WHAT YOU SHOULD DO → Transcribe all the records exactly and omit any images they hold.

THE INPUT →
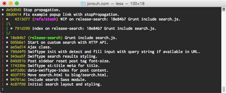 A lot of my time is spent in Terminal and a majority of it is spent typing Git commands. I created a set of keyboard shortcuts with Bash aliases and functions to speed up my workflow and save me hundreds of keystrokes every day.
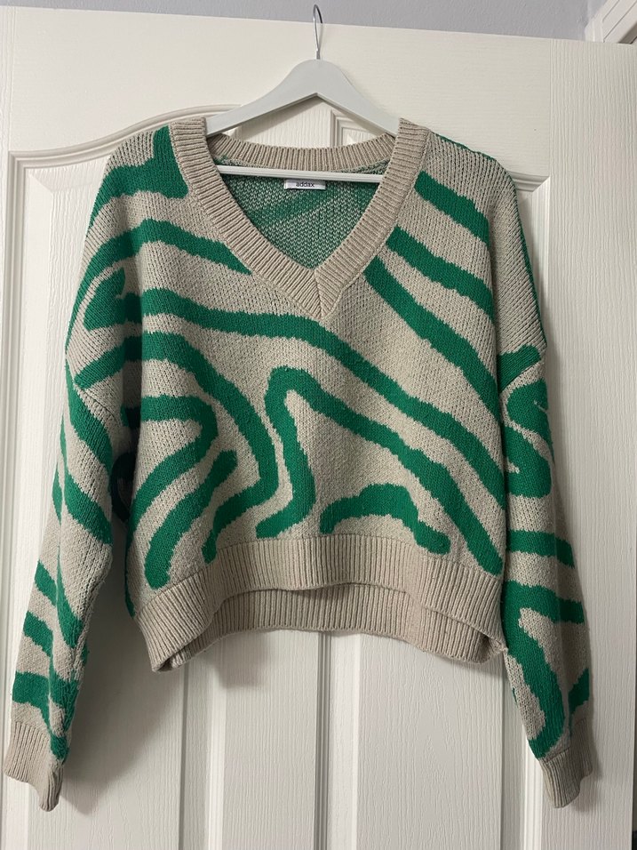 V yakalı, uzun kollu, rahat kesim triko kazak. Yumuşak örme kumaştan, günlük kullanıma
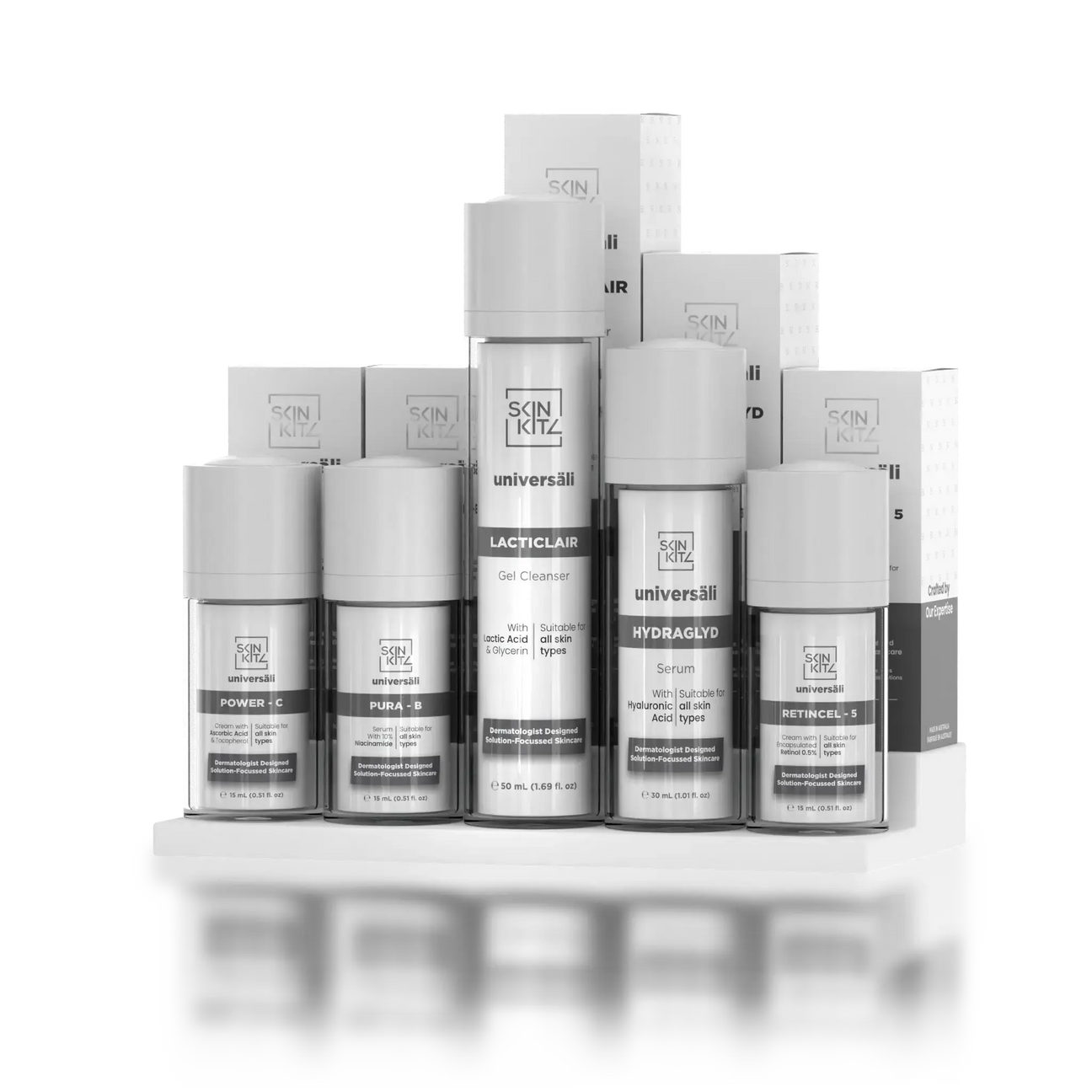Universäli Kit includes 5 products: Universäli Lacticlair Gel Cleanser, Universäli Power-C Cream, Universäli Pura-B Serum, Universäli Retincel-5 Cream and Universäli Hydraglyd Serum.
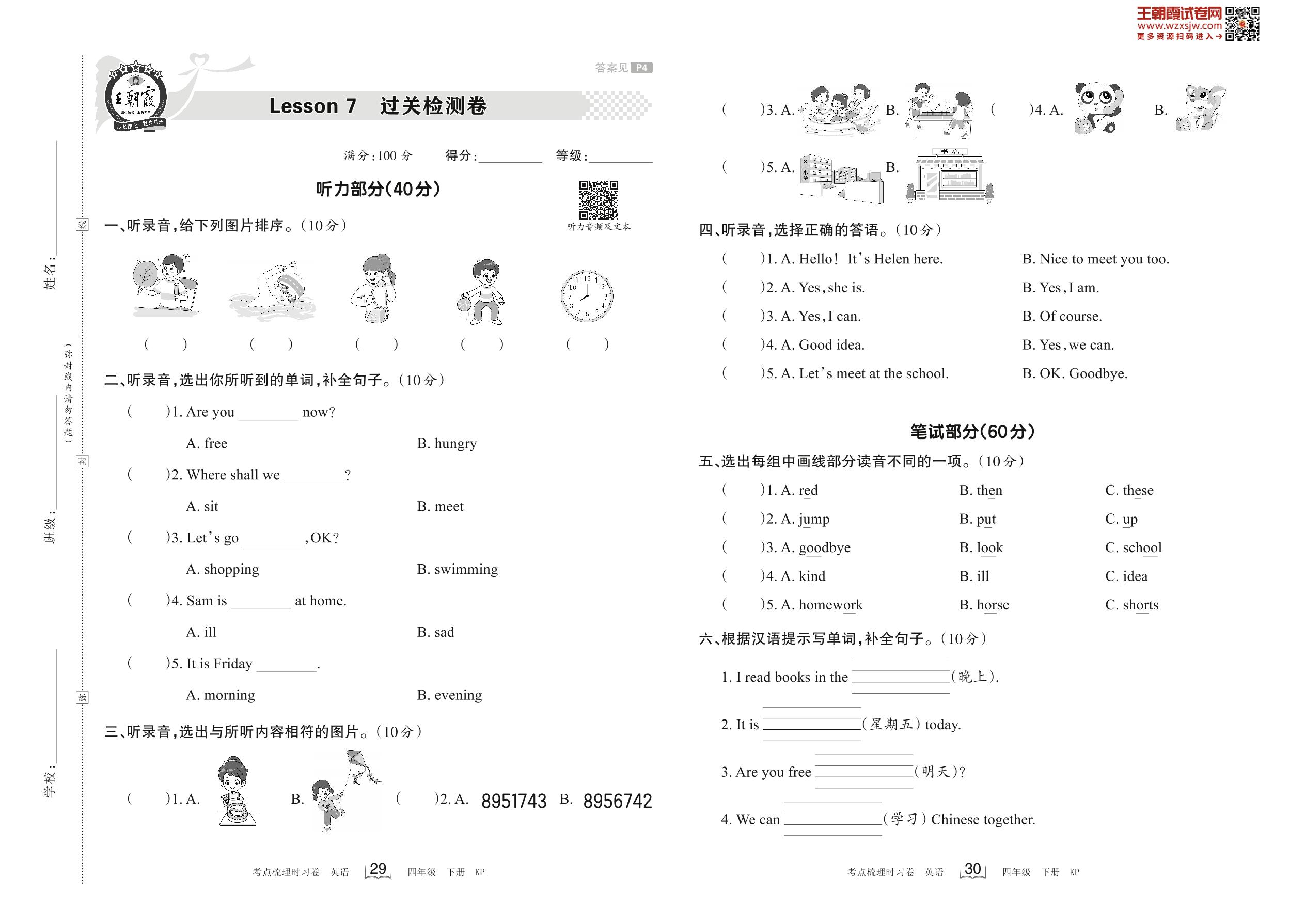 2023下册四年级英语科普版 Lesson 7 过关检测卷
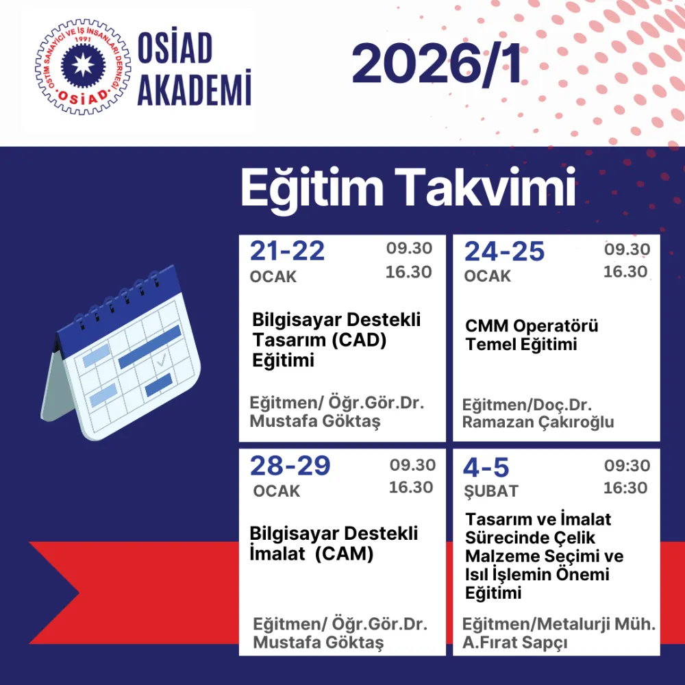 OSİAD Akademi tarafından yapılan açıklamada, 21 Ocak tarihinde başlayacak olan 2026 yılı 1. Dönem eğitimleri 21 Ocak tarihinde başlayacak. 21 Mayısta bitecek. Sabah 09.30 akşam 16.30 saatleri arasında; sanayi, ticaret, yönetim, dijital dönüşüm, insan kaynakları, aile şirketlerinde kurumsallaşma gibi başlıklarda planlandığı belirtildi. Program kapsamında hem teorik bilgi hem de uygulamaya dönük eğitimlerin yer alacağı ifade edildi.
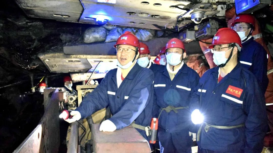 升井后,周德昶一行深入到城山矿安全生产指挥中心,重点查看了矿山智能化综合管控平台的运行情况,听取了智能化综采工作面远程操控、矿井机电设备无人值守、5G实时通讯及信息交互、科技创新等有关工作的介绍,并就矿井智能化建设相关内容与该矿领导班子成员进行深入交流探讨。周德昶指出,要以科技创新驱动发展,大力实施“科技兴企”战略,有序加快矿山机械化、自动化、智能化、信息化建设步伐,逐步推动老矿区焕发新活力。

TASK RESPONSE →
 A lot of my time is spent in Terminal and a majority of it is spent typing Git commands. I created a set of keyboard shortcuts with Bash aliases and functions to speed up my workflow and save me hundreds of keystrokes every day.
 V yakalı, uzun kollu, rahat kesim triko kazak. Yumuşak örme kumaştan, günlük kullanıma
Universäli Kit includes 5 products: Universäli Lacticlair Gel Cleanser, Universäli Power-C Cream, Universäli Pura-B Serum, Universäli Retincel-5 Cream and Universäli Hydraglyd Serum.
 2023下册四年级英语科普版 Lesson 7 过关检测卷
 OSİAD Akademi tarafından yapılan açıklamada, 21 Ocak tarihinde başlayacak olan 2026 yılı 1. Dönem eğitimleri 21 Ocak tarihinde başlayacak. 21 Mayısta bitecek. Sabah 09.30 akşam 16.30 saatleri arasında; sanayi, ticaret, yönetim, dijital dönüşüm, insan kaynakları, aile şirketlerinde kurumsallaşma gibi başlıklarda planlandığı belirtildi. Program kapsamında hem teorik bilgi hem de uygulamaya dönük eğitimlerin yer alacağı ifade edildi.
 升井后,周德昶一行深入到城山矿安全生产指挥中心,重点查看了矿山智能化综合管控平台的运行情况,听取了智能化综采工作面远程操控、矿井机电设备无人值守、5G实时通讯及信息交互、科技创新等有关工作的介绍,并就矿井智能化建设相关内容与该矿领导班子成员进行深入交流探讨。周德昶指出,要以科技创新驱动发展,大力实施“科技兴企”战略,有序加快矿山机械化、自动化、智能化、信息化建设步伐,逐步推动老矿区焕发新活力。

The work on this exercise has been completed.